Exercise brief:
All lines in the data bearing the string "pour" should be identified and copied.

═══

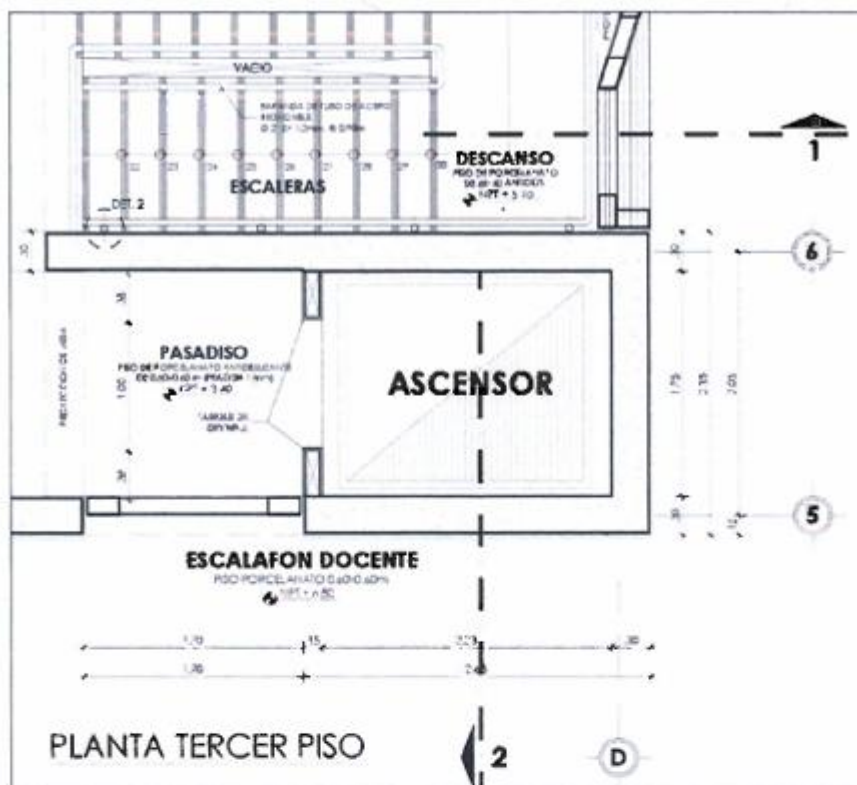
Imagen 06. Vista en planta de ascensor tercer piso
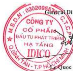
Le Quoc Dat
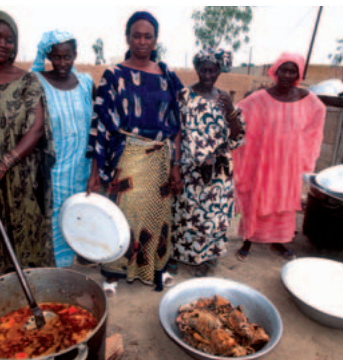
Un concert pour financer un centre d'accueil.

Concert : vendredi 16 mars, église du Rosaire, 20h30. Réservations : Arc 02 51 70 78 00, Leclerc Atout Sud 02 51 70 70 40. Tarif : 10 €. Gratuit pour les moins de 12 ans.
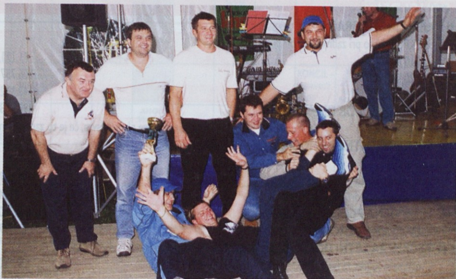
Hrastniški steklarji, najboljši pod koši, so zmago takole proslavili.
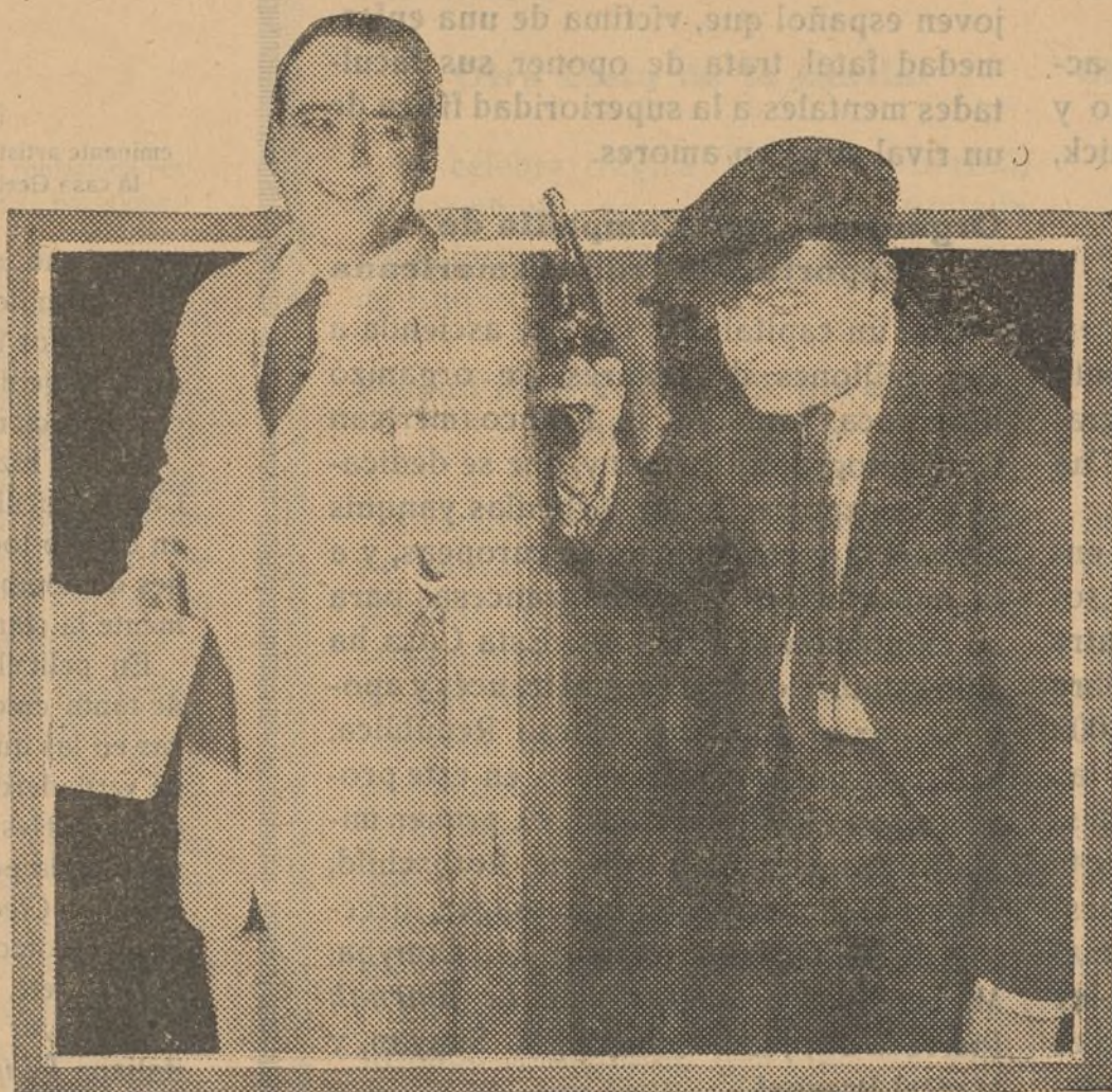
DOUGLAS FAIRBANKS in "A Modern Musketeer" An ARTCRAFT Picture

Mientras tanto, los miembros de la pequeña banda de Hugo, tras de buscar infructuosamente a su jefe y amigo, con el cansancio en los cuerpos y el desaliento en los corazones, se refugiaron en unas cuevas. Hugo, al fin, halló en el subterráneo un sillar giratorio y salió al campo; los amigos tuvieron el placer de verle llegar alegre y triunfador. Sin embargo, "Los Trece" le perseguían; trepar por la montaña, brotando de sus profundas quebraduras cual monstruos fantásticos. Rosa, perdida en las negras cavernas laberínticas, gritó en demanda de socorro. Su voz atrajo a los infames sectarios, que la hicieron prisionera, así como a Hugo, en ataque de traición. Rosa fué encerrada en una casita aislada, próxima a los muelles, y Hugo en la bodega de la casa del crimen. Y Mariana, sabiendo que ya no habría compasión para él, decidió salvarlo aunque en la empresa dejara la vida; a este fin volvió

═══

Exercise solution:
Un concert pour financer un centre d'accueil.
Concert : vendredi 16 mars, église du Rosaire, 20h30. Réservations : Arc 02 51 70 78 00, Leclerc Atout Sud 02 51 70 70 40. Tarif : 10 €. Gratuit pour les moins de 12 ans.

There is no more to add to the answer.